Поэтому, начиная, он уже ясно представлял себе, что собирается сделать. Писатель может выкинуть слова, но художник убрать краску не может. А значит, для него единственный способ писать экономно заранее думать о том, что он хочет сделать».

В 1971 году в интервью, данном Маргерит Дюрас, Бэкон говорит о Гойе: «Он повенчал формы с воздухом. Кажется, будто его картины сделаны из этого вещества – воздуха». Тут он имел в виду нечто совершенно определенное, как демонстрирует мне Мануэла Мена перед великой Tres de Mayo Гойи, наверху, в старой части пустого музея. Сперва Гойя грунтовал свой гигантский холст, покрывал его ровным слоем красновато-бежевого; когда же он пишет тело, на этой картине и на сопутствующей ей Dos de Mayo – руки лежащих на земле трупов, лица людей перед самой смертью или французских солдат, готовящихся открыть по ним огонь,– там краски, по сути, нет: потрачено лишь несколько мазков на контур, один-единственный мазок на бровь или глаз, самое большее – быстрый светлый зеленовато-коричневый размыв; здесь Гойя работает буквально ничем. Местами – например, стена над приговоренными или кожаные портупеи на плечах французских солдат – он вообще соскреб краску с целью добиться желаемого эффекта.
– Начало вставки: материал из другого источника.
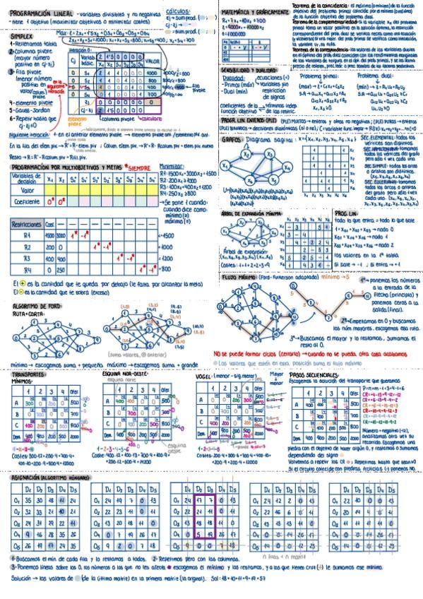Resumen del 2º Bloque: Programación en grafos. Incluye los temas: 4. Transporte 5. Flujo a coste mínimo (transbordo) 6. Ruta mínima 7. Flujo máximo
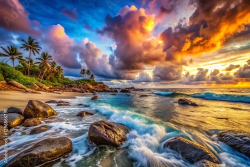Surreal Fiji Rocky Beach: Dreamlike Coastal Landscape with Vibrant Colors
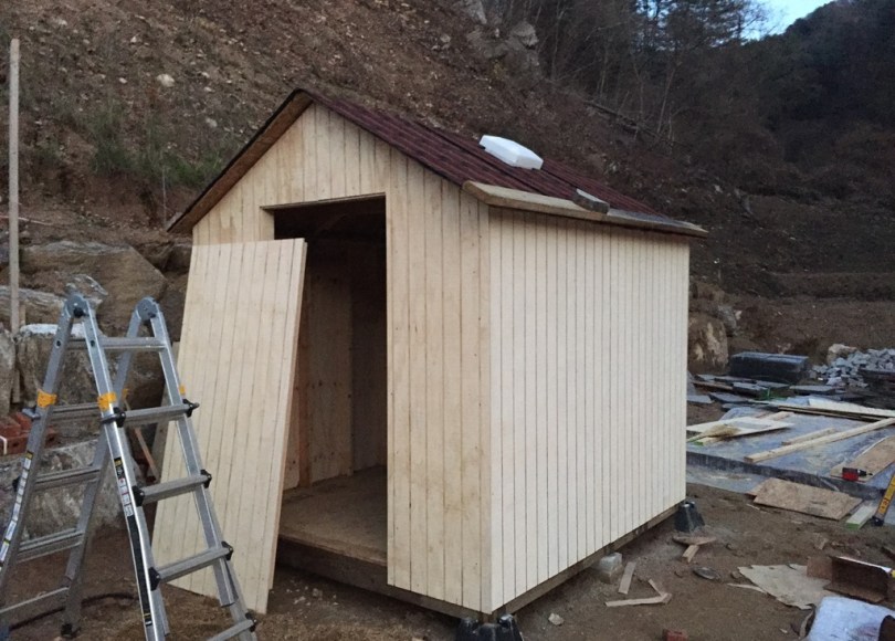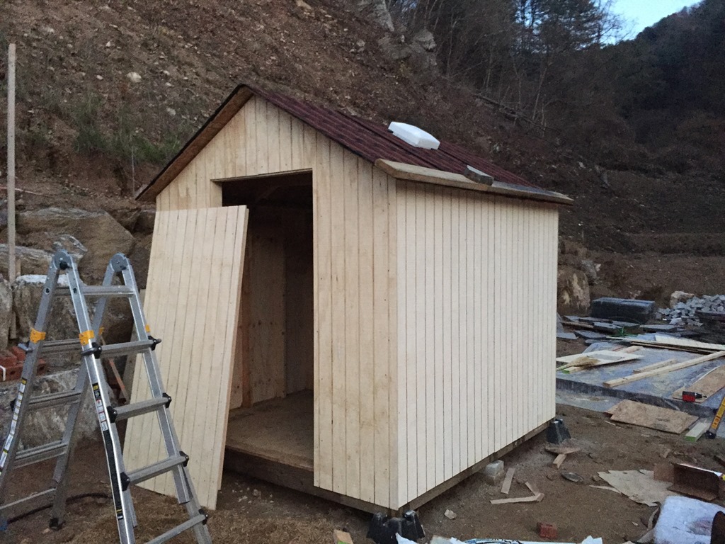 도어까지 만들었으나 경첩을 설치하려면 소켓렌치공구가 필요한데 공구가 없어 마지막 문달기는 다음에 마무리 하기로 하고 창고만들기 작업을 마무리하였습니다.
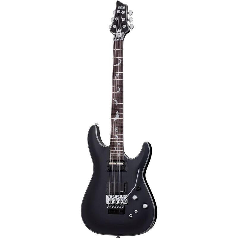 Schecter Damien Platinum 6 FR Sustainiac LH Satin Black – venstrehendt modell med Sustainiac og EMG 81

Чтобы разглядеть это, необходимо забраться на стул – или сесть за компьютер и пуститься блуждать по поверхности высококачественного изображения, созданного Прадо в сотрудничестве с Google Earth®,– однако, замечаешь ты его или нет, оно присутствует; именно так сделана эта поразительная картина. И хотя Бэкон видел лишь очень немногие работы Гойи, по крайней мере до начала 1950-х, он каким-то образом уже освоил этот урок и начал применять полученные знания с замечательной тонкостью, когда писал левую руку и ягодицы своего Этюда с человеческого тела в 1949 году, пойдя, впрочем, дальше Гойи: он оставил холст грубым, не грунтованным, всего лишь протащив по нему сухие пигменты несколькими быстрыми взмахами.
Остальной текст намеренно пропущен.